Maus creator Art Spiegelman is the latest big name to join Occupy Comics, the graphic anthology that gives comics creators a platform for addressing the socioeconomic factors that spawned the Occupy protest movement.
Spiegelman is contributing an out-of-print 2001 cover from The New Yorker that presciently dissected America’s crumbling economy to Occupy Comics’ hardcover collection, slated to arrive in September.
Occupy Comics No. 1, the first comic book to come out of the ongoing project, steadfastly refuses to take political sides on the anti-Wall Street movement and the financial crisis that triggered the protest.

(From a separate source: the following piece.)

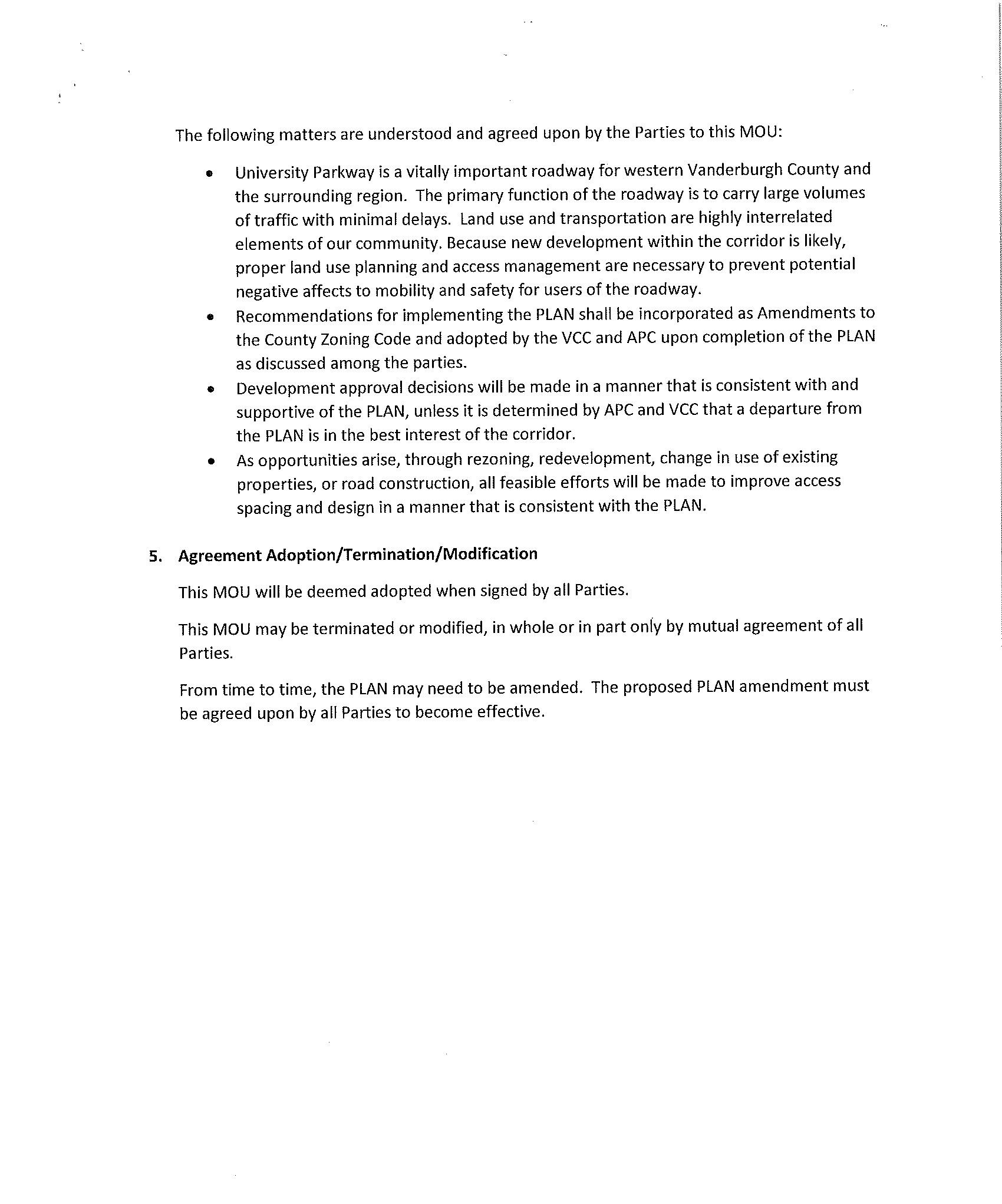 Vanderburgh County will adopt the corridor plan by resolution as part of the policy of its comprehensive plan to ensure that it promotes the public health, safety, morals, convenience, order, general welfare, and economic efficiency. Even with a well-designed planning process, a community may lack consensus on certain issues or, in the worst case, may not have enough support to adopt a plan. In that case, the County may want to:

The just-released comic – available in physical and digital bundles from indie publisher Black Mask Studios’ online store, with profits going to support the Occupy movement – serves up everything from how-tos for citizen journalists to pieces that place the multifaceted protest into historical perspective.
“The first issue drives home that this is about insightful reflections on the Occupy movement and its causes from a personal and nonpartisan point of view,” Occupy Comics organizer Matt Pizzolo told me. “Both parties are equally indicted. In my humble opinion, it never descends into polemic. It’s mainly a hopeful and positive book about unity and taking constructive action together.”
In issue No. 1, the spare but moving “Citizen Journalist,” by writer Ales Kot, artist Tyler Crook and colorist Jeromy Cox, shows observers ways to document the madness around them with smartly placed smartphones. Elsewhere in the comic, the dark, impressively dense “Casino Nation,” by writers Joshua Dysart and Kelly Bruce and artist Allen Gladfelter, deconstructs the White House and Wall Street’s disaster capitalism.
Other pieces fill in much-needed back stories, like the short “Exploitation: Our Noble Tradition,” by media surgeon Douglas Rushkoff and artist Dean Haspiel, and the longer “A History of Nonviolence,” from writer Caleb Monroe and artist Theo Ellsworth. Others, like Ben Templesmith’s horror standout “Clever,” are expressionist indictments of power and its abuses.
The ongoing collaborative effort continues to attract high-profile contributors, including Spiegelman, President Barack Obama’s so-called terrorist pal William Ayers – who with artist Ryan Alexander-Tanner released To Teach: The Journey, in Comics in 2010 – and indie satirist Matt Bors, whose topical smarts and prodding comics earned him a Pulitzer nomination this year.
They’re joined by well-traveled veteran Jimmy Palmiotti (The Pro, Jonah Hex) on an expanding roster that boasts indie and mainstream greats like Alan Moore and David Lloyd, whose prescient ’80s miniseries V for Vendetta provided Anonymous and the Occupy movement with their anarchopopulist iconography.
“Spiegelman created Maus, the first comic to ever win a Pulitzer, and he created Garbage Pail Kids,” Pizzolo said. “Pretty soon, we’ll have to stop adding new collaborators because all our heroes will already be on the team.”
Spiegelman – who said his New Yorker cover has only made more sense as “the bottom falls out of our economic system” – should fit in perfectly.
“I’m proud to be included in this book,” Spiegelman told me. “Occupy is the seismograph of things to come.”
“The image I drew over a decade ago seems to still be relevant,” Spiegelman said. “Occupy is one of the most significant things happening that could actually bring hope and change to our ravaged nation.”